Придет, бывало, из лесу и сейчас станет ее из избы гнать:
– Ступай себе! Не надо мне бабы в сторожке! Чтоб и духу твоего не было! Не люблю, – говорит, – когда у меня баба в избе спит. Дух, – говорит, – нехороший.
Эге!
Ну а после ничего, притерпелся. Оксана, бывало, избу выметет и вымажет чистенько, посуду расставит: блестит все, даже сердцу весело. Роман видит: хорошая баба, – помаленьку и привык. Да и не только привык, хлопче, а стал ее любить, ей-богу, не лгу! Вот какое дело с Романом вышло. Как пригляделся хорошо к бабе, потом и говорит:
– Вот спасибо пану, добру меня научил. Да и я ж таки неумный был человек: сколько канчукóв принял, а оно, как теперь вижу, ничего и дурного нет. Еще даже хорошо. Вот оно что!

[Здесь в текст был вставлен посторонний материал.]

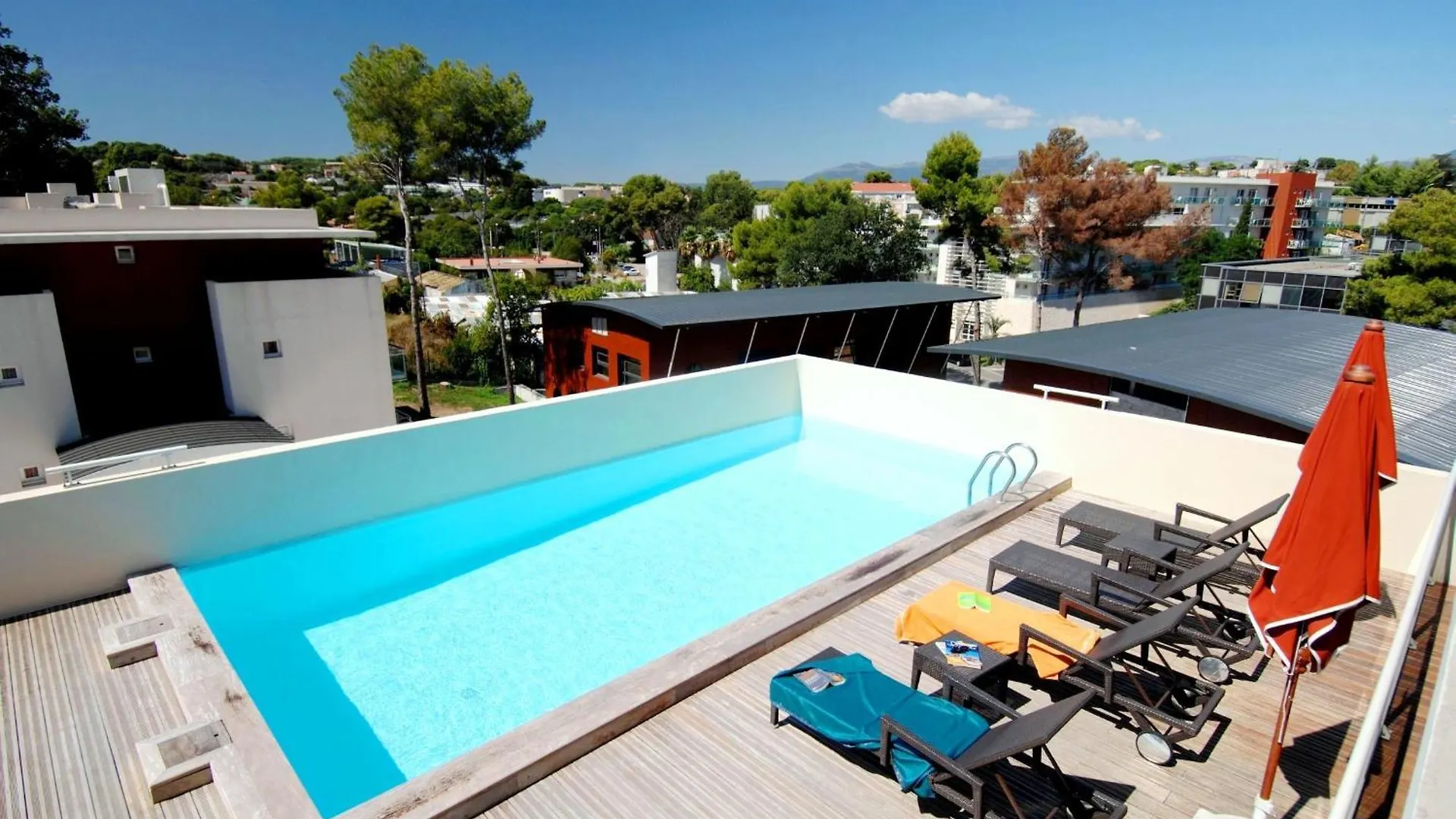 Appart Hotel Odalys City Antibes Olympe fournit une piscine sur le toit pour la relaxation des invités.

Вот прошло сколько-то времени, я и не знаю, сколько. Слегла Оксана на лавку, стала стонать. К вечеру занедужилось, а наутро проснулся я, слышу: кто-то тонким голосом «квилит». Эге! – думаю я себе, – это ж, видно, «диты́на» родилась. А оно вправду так и было.
Недолго пожила диты́на на белом свете. Только и жила, что от утра до вечера. Вечером и пищать перестала… Заплакала Оксана, а Роман и говорит:
– Вот и нету диты́ны, а когда ее нету, то незачем теперь и попа звать. Похороним под сосною.

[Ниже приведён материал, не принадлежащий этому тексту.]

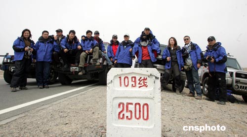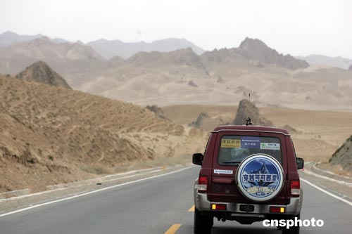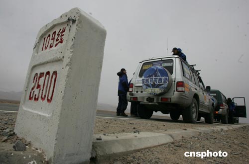 中新網(wǎng)5月3日電 二零零五年五月三日,穿越可可西里聯(lián)想鋒行探險隊車隊抵達(dá)北京——拉薩的109國道2500公里處。
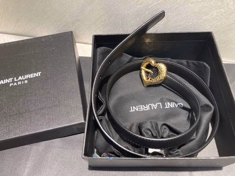 Authentic-Grade Saint Laurent Retro Gold-Buckle Heart-Shaped Leather Belt (Purchasing Agent Service Available)

Вот как говорит Роман, да не то, что говорит, а так как раз и сделал: вырыл могилку и похоронил. Вон там старый пень стоит, громом его спалило… Так то ж и есть та самая сосна, где Роман диты́ну зарыл. Знаешь, хлопче, вот же я тебе скажу: и до сих пор, как солнце сядет и звезда-зорька над лесом станет, летает какая-то пташка, да и кричит. Ох, и жалобно квилит пташина, аж сердцу больно! Так это и есть некрещеная душа, – креста себе просит. Кто знающий человек, по книгам учился, то, говорят, может ей крест дать, и не станет она больше летать… Да мы вот тут в лесу живем, ничего не знаем. Она летает, она просит, а мы только и говорим: «Геть-геть, бедная душа, ничего мы не можем сделать!» Вот заплачет и улетит, а потом и опять прилетает. Эх, хлопче, жалко бедную душу!
Вот выздоровела Оксана, все на могилку ходила. Сядет на могилке и плачет, да так громко, что по всему лесу, бывало, голос ее ходит. Это она так свою диты́ну жалела, а Роман не жалел диты́ну, а Оксану жалел. Придет, бывало, из лесу, станет около Оксаны и говорит:
– Молчи уж, глупая ты баба! Вот было бы о чем плакать! Померла одна диты́на, то, может, другая будет. Да еще, пожалуй, и лучшая, эге! Потому что та еще, может, и не моя была, я же таки и не знаю. Люди говорят… А это будет моя.
Вот уже Оксана и не любила, когда он так говорил. Перестанет, бывало, плакать и начнет его нехорошими словами «лаять». Ну, Роман на нее не сердился.
– Да и что же ты, – спрашивает, – лаешься! Я же ничего такого не сказал, а только сказал, что не знаю. Потому и не знаю, что прежде ты не моя была и жила не в лесу, а на свете, промежду людей. Так как же мне знать? Теперь вот ты в лесу живешь, вот и хорошо. А таки говорила мне баба Федосья, когда я за нею на село ходил: «Что-то у тебя, Роман, скоро диты́на поспела!» А я говорю бабе: «Как же мне таки знать, скоро ли или нескоро?..» Ну а ты все же брось голосить, а то я осержусь, то еще, пожалуй, как бы тебя и не побил.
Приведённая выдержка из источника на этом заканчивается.